Надо представить себе, как на каторге человек мечтал о поездке в страну, где жили Фурье и Жорж Санд, в страну, где живет сейчас Герцен. Как он мечтал о Западе в Семипалатинске, в пустых стенах, где ночью горизонт окружен звездами, где днем на верстовых столбах дороги, ведущей в пустыню, сидели беркуты, потому что сесть им было больше не на что.

А тут все полно, населено, окрашено, сверкает, играет фонтанами и фонтанчиками, зеленеет садами, краснеет черепицей. Говорили, что если нет у буржуа садика, в котором он мог бы лежать на травке, то делает этот человек или человечек маленький шерстяной коврик «под газон», лежит на нем и наслаждается.

Пойди, стащи его с зеленого коврика. Это безнадежней петербургского тумана.

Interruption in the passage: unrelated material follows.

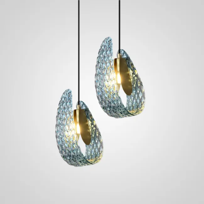 Серия дизайнерских люстр со стеклянными плафонами в форме лепестков с эффектом панциря

Достоевский не любил Петербурга.

Ему становилось ясным, что «Петербург продолжается в Европе», и еще безысходнее. Человек, который мечтал о Западе, который рассказывал об этих мечтах в «Белый ночах», написал «Записки из подполья».

Прежде чем войти в это подполье, еще раз дохнем воздухом «Белых ночей» молодого Достоевского.

В бедной квартире думал молодой фурьерист. Чуть ли не все мысли его, все мечты связаны с Западом: «Вы спросите, может быть, о чем он мечтает? К чему это спрашивать! да обо всем... об роли поэта, сначала непризнанного, а потом увенчанного; о дружбе с Гофманом; Варфоломеевская ночь, Диана Вернон, геройская роль при взятии Казани Иваном Васильевичем, Клара Мовбрай, Евфия Денс, собор прелатов и Гусс перед ними, восстание мертвецов в Роберте (помните музыку? Кладбищем пахнет!), Минна и Бренда, сражение при Березине, чтение поэмы у графини В-й Д-й, Дантон, Клеопатра е isuoi amanti, домик в Коломне, свой уголок, а подле милое создание, которое слушает вас в зимний вечер, раскрыв ротик и глазки, как слушаете вы теперь меня, мой маленький ангельчик...»

Для того чтобы верить в счастье, русскому юноше середины XIX века нужна была и русская история, и вся Европа. Но Европа как будто кончилась.

Достоевский отказывается верить в хрустальный дворец на лондонской выставке и в капитальное здание в Берлине и отказывается верить в то, что социалисты могут победить Ваал и с ним пошлость, злобу и все акции мира.

Предсказывая поражение, предсказывая ложно, Достоевский одновременно видел, что тот, кто согласен на такое поражение, сразу же становится вне жизни, становится небывало плохим для самого себя, мучительным и ничтожным.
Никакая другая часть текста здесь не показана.